MALAT1 modulates granulosa cells ferroptosis and apoptosis through PAK2 upregulation in polycystic ovary syndrome

Polycystic ovary syndrome (PCOS) is a complicated endocrinological disorder. We investigated the ferroptosis-regulated role of MALAT1 and its potential modulatory mechanisms in granulosa cells (GCs). Reverse transcripton quantitative polymerase chain reaction (RT-qPCR) was used to measure the relative expression of MALAT1/miR-155-5p/PAK2 in KGN cells after transfection.
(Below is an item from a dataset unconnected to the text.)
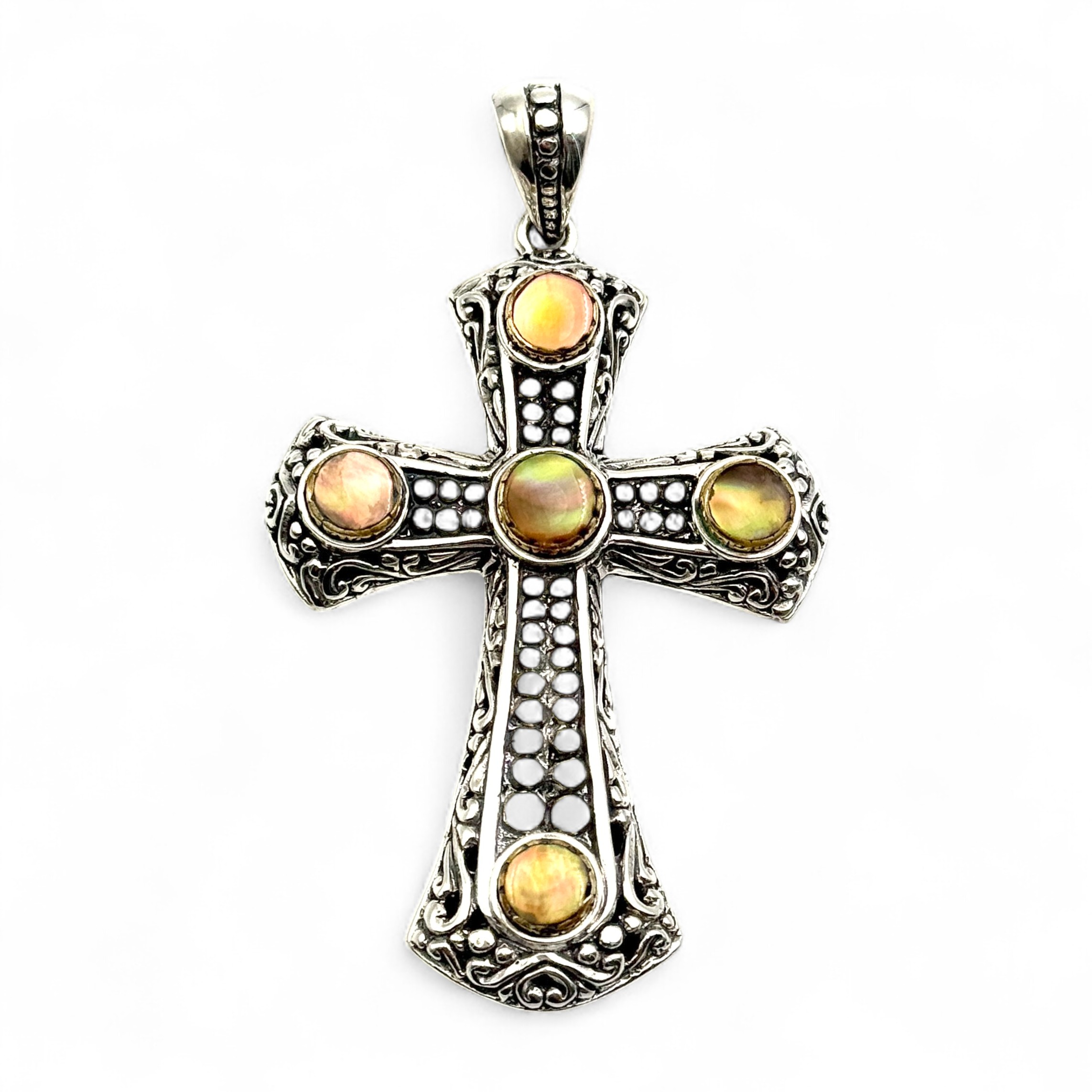 Grand pendentif croix en argent 925 avec nacres dorées serties de laiton

Online bioinformatic analysis was performed to predict the interactions between MALAT1/PAK2 and miR-155-5p. Dual luciferase assays were performed for relative luciferase activity in cell groups co-transfected with the pmiRGLO plasmids containing wild type (wt) or mutant type (mt) of MALAT1 (MALAT1-wt, MALAT1-mt), siRNA targeting MALAT1(si-MALAT1) miR-155-5p inhibitor or their control was transfected into KGN cells using Lipofectamine 2000. After 48 h, the transfected cells were collected for the following experiments. Cell viability and apoptosis were measured using Cell Counting Kit-8 (CCK-8) and flow cytometry. Malondialdehyde (MDA) level and reduced glutathione (GSH) / oxidized glutathione disulfide (GSSG) ratio were detected using commercial kits. Western blot was used to measure the relative protein changes in PAK2, SLC7A11 and GPX4. Knockdown of MALAT1 decreased cell viability, increased apoptosis and ferroptosis, which was reversed by miR-155-5p inhibition. MALAT1 downregulation inhibited PAK2, while miR-155-5p inhibition activated PAK2. The increase of relative luciferase activity in cells transfected with MALAT1-wt or PAK2-wt and miR-155-5p inhibitor suggests the bindings between miR-155-5p and MALAT1 or PAK2. This study revealed a novel ferroptosis-modulated role of MALAT1 in PCOS in vitro via interactions with miR-155-5p/PAK2. Further in vivo and clinical studies are needed to validate these in vitro findings and fully assess the therapeutic potential of MALAT1 in PCOS.